Prompt ::
What you give back should be exactly the lines from the one with "据了解,此次活动共有来自各个" through the end of the data, without the pictures.

Exercise data ::
★ ★ ★ ★

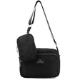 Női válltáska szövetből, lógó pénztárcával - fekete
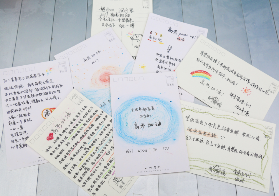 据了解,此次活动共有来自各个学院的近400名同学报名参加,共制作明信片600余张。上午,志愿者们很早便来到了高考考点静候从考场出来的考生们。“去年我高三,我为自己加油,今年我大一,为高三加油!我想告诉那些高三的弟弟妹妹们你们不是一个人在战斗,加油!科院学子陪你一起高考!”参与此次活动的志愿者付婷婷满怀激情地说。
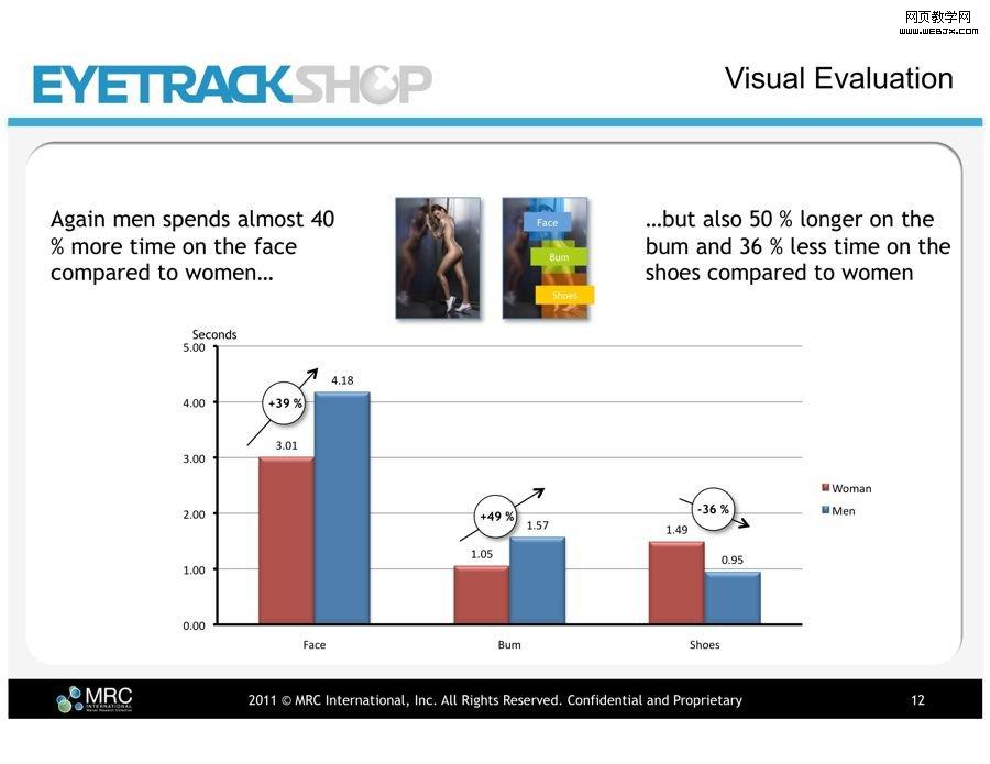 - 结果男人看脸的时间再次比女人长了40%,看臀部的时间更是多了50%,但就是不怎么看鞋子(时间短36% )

★ ★ ★ ★

Response below ::
 据了解,此次活动共有来自各个学院的近400名同学报名参加,共制作明信片600余张。上午,志愿者们很早便来到了高考考点静候从考场出来的考生们。“去年我高三,我为自己加油,今年我大一,为高三加油!我想告诉那些高三的弟弟妹妹们你们不是一个人在战斗,加油!科院学子陪你一起高考!”参与此次活动的志愿者付婷婷满怀激情地说。
 - 结果男人看脸的时间再次比女人长了40%,看臀部的时间更是多了50%,但就是不怎么看鞋子(时间短36% )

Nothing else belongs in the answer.